O SD Select é uma área de conteúdos extras selecionados pelo Seu Dinheiro para seus leitores.
Esse espaço é um complemento às notícias do site.
Recurso Exclusivo para
membros SD Select.
Gratuito
O SD Select é uma área de conteúdos extras selecionados pelo Seu Dinheiro para seus leitores.
Esse espaço é um complemento às notícias do site.
Você terá acesso DE GRAÇA a:
Inflação dos custos de construção se refletiram em aumentos nos preços dos imóveis, impactando negativamente as operações da companhia no terceiro trimestre
O pessimismo do mercado em relação ao setor imobiliário já começa a se materializar em números. Ontem à noite, a MRV (MRVE3), uma das principais construtoras da bolsa brasileira, divulgou prévias operacionais consideradas fracas por analistas e investidores, e hoje suas ações amargaram uma das maiores perdas do Ibovespa, num dia já bastante negativo para o índice.

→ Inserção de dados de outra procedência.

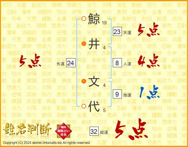あなたの人生を表す1番重要な運勢です。生涯を通じて影響する総合運となり、主に50歳以降の晩年期に影響を及ぼします。苗字と名前の合計画数。
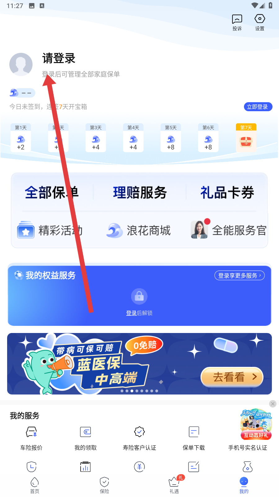 1、在太平洋保險(xiǎn)app中我的個(gè)人主頁點(diǎn)擊上方的請登錄按鈕,可以開始執(zhí)行登錄操作。
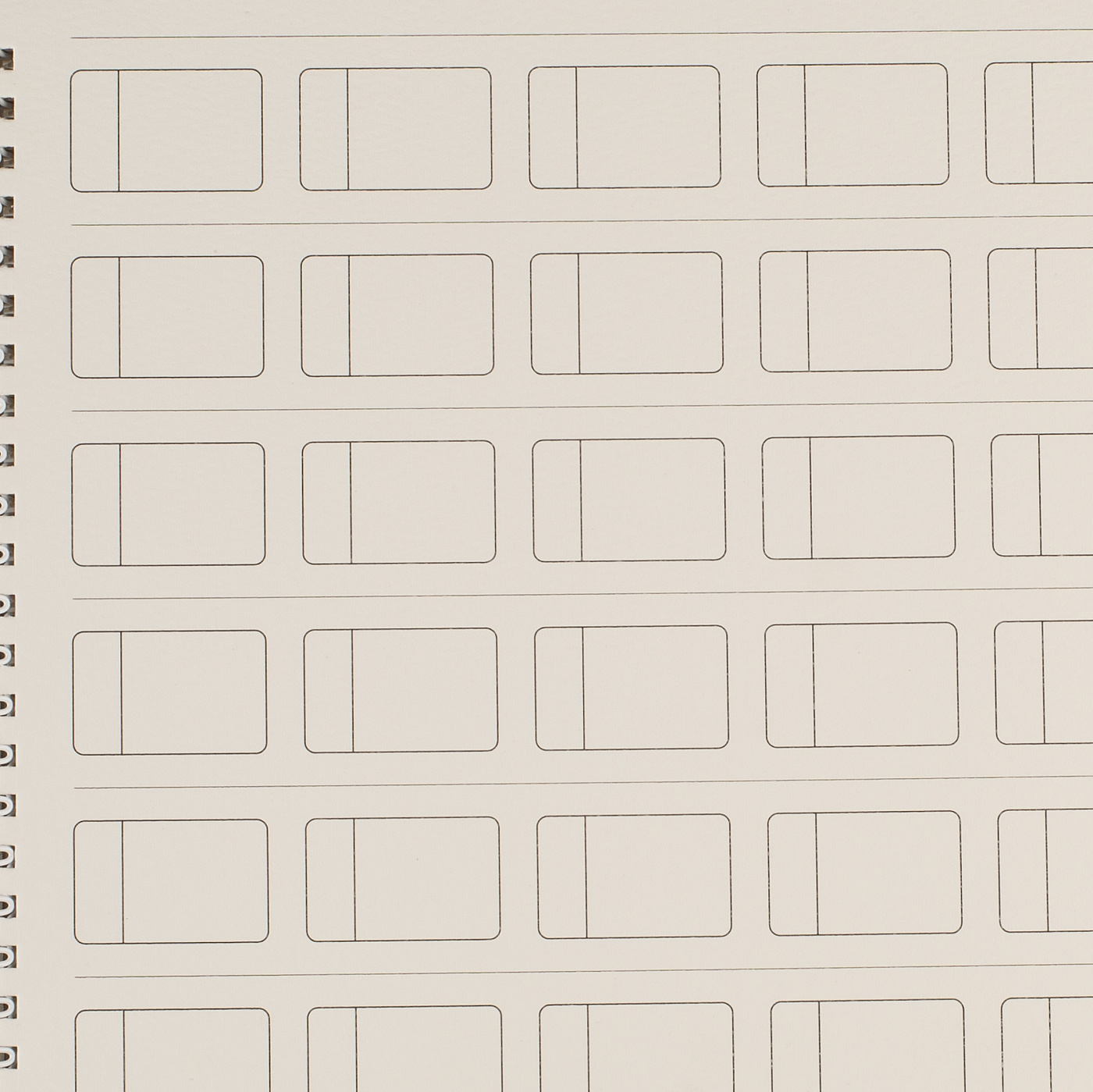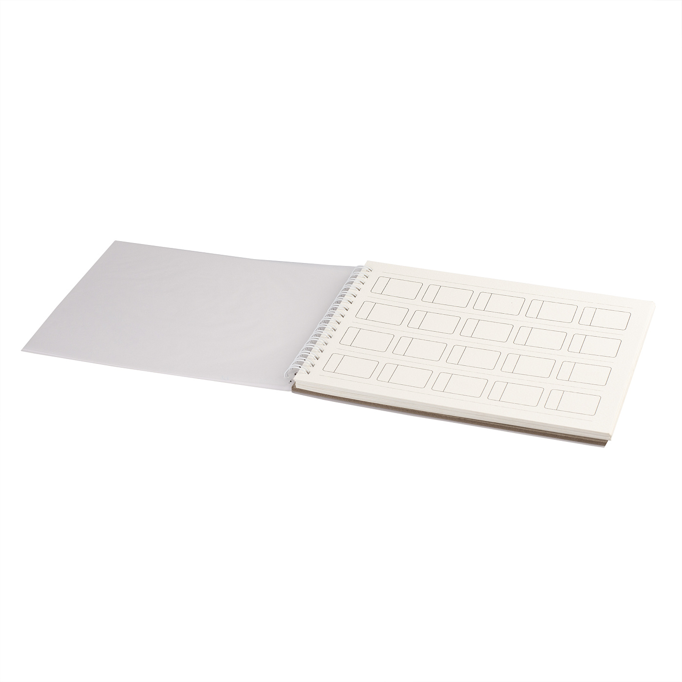 Продуманная структура альбома включает специальные поля для подписи названий каждого оттенка. Нанесенная вертикальная линия в зоне выкраски позволяет наглядно оценить степень укрывистости краски — от прозрачной до плотной. Особое внимание уделено сохранности образцов: каждый лист защищен вставкой из кальки, что предотвращает склеивание страниц и размазывание пигмента. Компактный формат А5 делает альбом удобным для использования на пленэрах и в поездках.
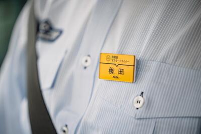 2020年度からはマスタードライバー制度の中でも「シルバー」や「ゴールド」のように、より上位の段階が定められた。秋田さんはマスタードライバーを複数年継続し、ゴールドマスタードライバーに。胸につけた金色のバッジがその証だ。
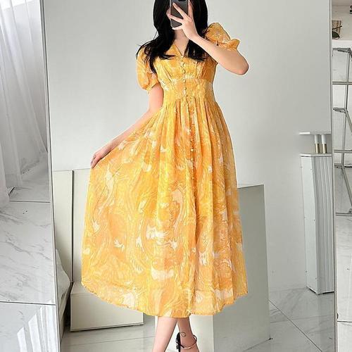 [다잇템]여자 펌킨소매 옐로우 콩단추 오렌지 롱원피스 (12158979A)
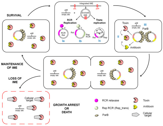 IME-encoded factors that contribute to IME maintenance in the cell during cell division: I Replication factors allowing rolling circle replication (RCR) or theta replication; II, toxin-antitoxin systems; III, partition protein ParB.
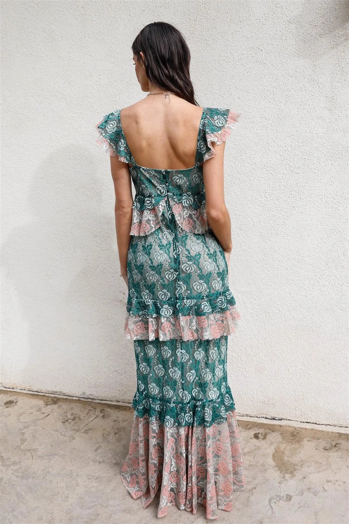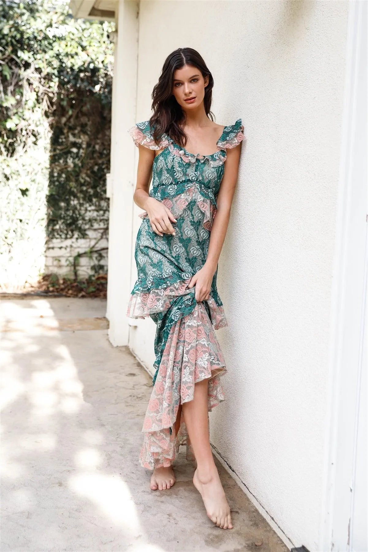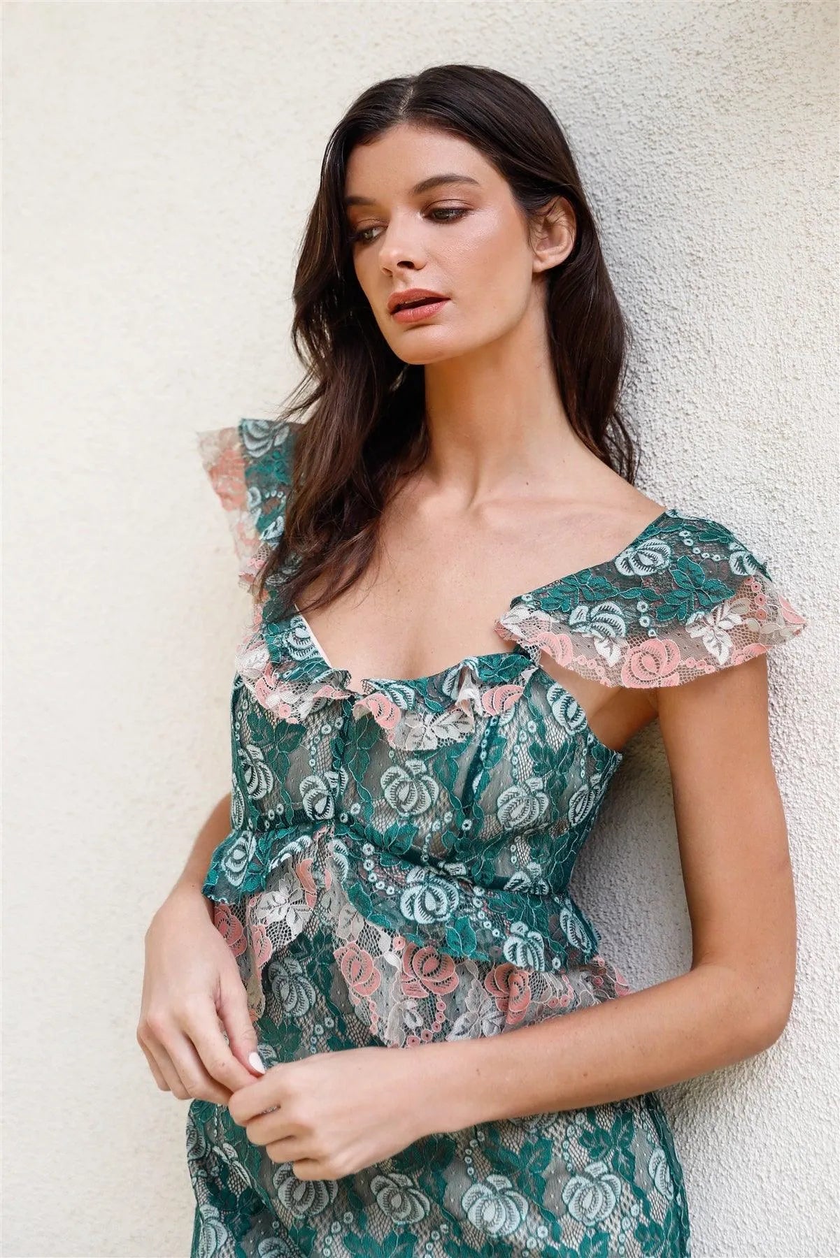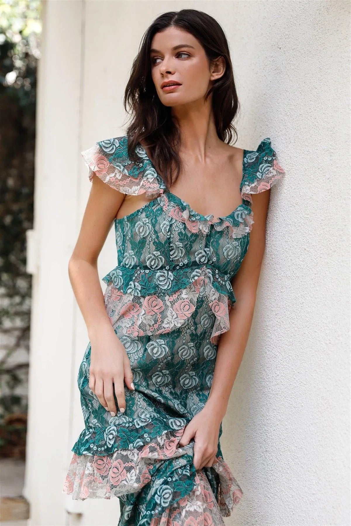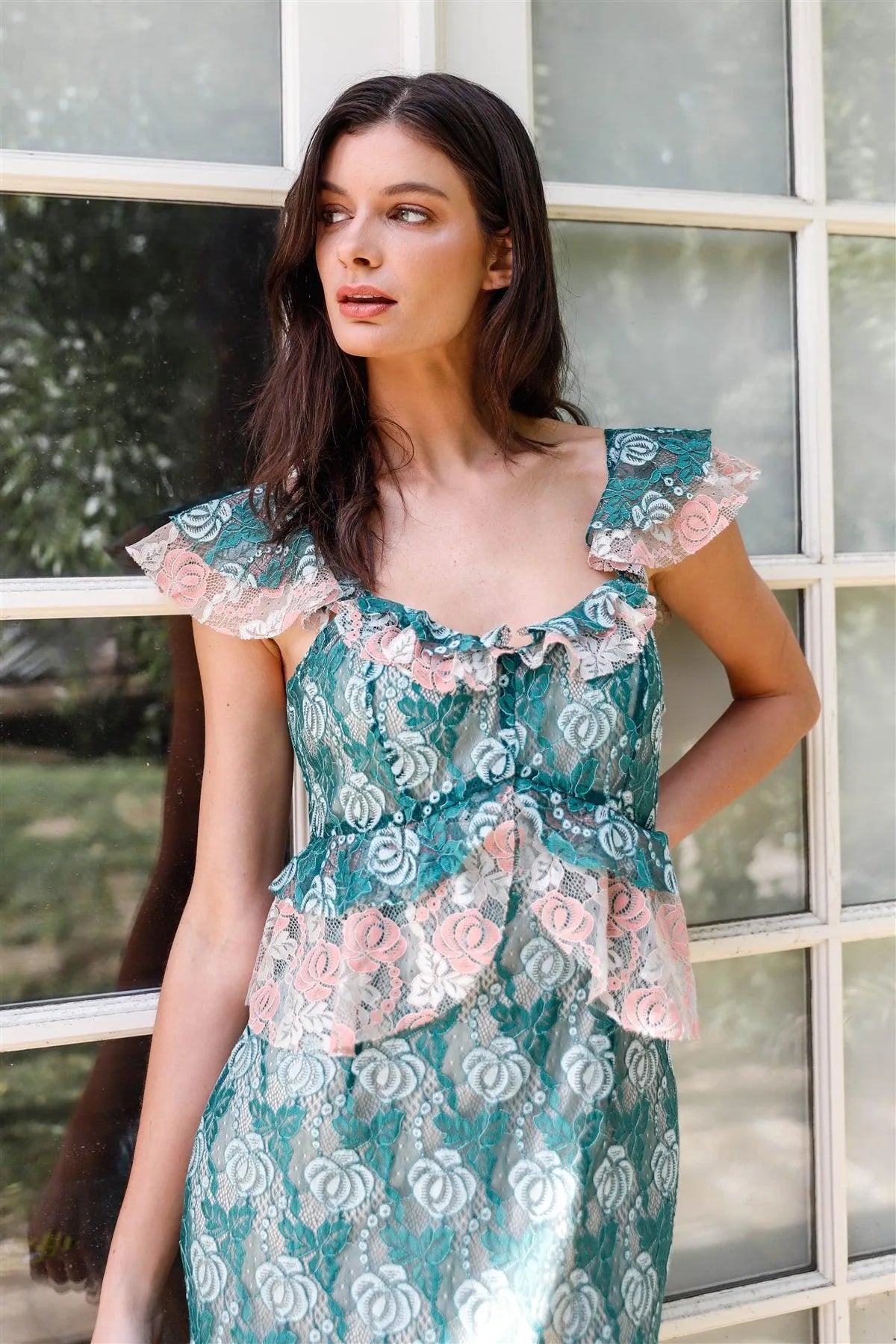 Mint Blush Layered Lace Ruffle Detail Midi Dress /1-2-2-1

Os papéis da incorporadora (MRVE3) fecharam em queda de 6,33%, a R$ 11,69, enquanto o Ibovespa fechou em baixa de 3,28%.
No terceiro trimestre, a MRV lançou R$ 2,08 bilhões, alta de 0,5% em relação ao mesmo período de 2020, mas queda de 13,1% em relação ao segundo trimestre.
Sem contar a subsidiária AHS, que atua no mercado americano, os lançamentos apresentaram crescimento de 11% na comparação anual e vieram acima das estimativas do BTG e do JP Morgan, mas abaixo do esperado pelo Credit Suisse.
Embora alguns analistas tenham considerado esta cifra ainda sólida, ao menos três pontos das prévias decepcionaram: vendas líquidas fracas, velocidade de vendas baixa e queima de caixa.
As vendas líquidas da MRV no terceiro trimestre totalizaram R$ 2,01 bilhões, queda de 2,4% ante o trimestre anterior e alta de 2,4% na comparação anual; sem considerar a AHS, as vendas líquidas totalizaram R$ 1,39 bilhão, uma queda de 29% em relação ao terceiro trimestre do ano passado e abaixo do esperado por BTG, JP Morgan e Credit Suisse.
Leia Também
As vendas decepcionantes podem ser atribuídas à elevação dos preços, decorrente do encarecimento dos materiais de construção. Em outras palavras, a incorporadora repassou alta dos custos de construção para os preços, e isso justo num momento em que os financiamentos estão encarecendo, devido à alta nas taxas de juros.
De fato, o preço médio por unidade subiu 48,9% em comparação com o terceiro trimestre de 2020 e 20,5% ante o segundo trimestre deste ano, para R$ 238 mil.
No segmento MRV, essa alta foi de 8,7% na base anual e 3,1% na comparação trimestral, para R$ 175 mil; já no segmento Urba, o aumento foi de 67,6% na comparação anual e 25,1% na trimestral, para R$ 165 mil.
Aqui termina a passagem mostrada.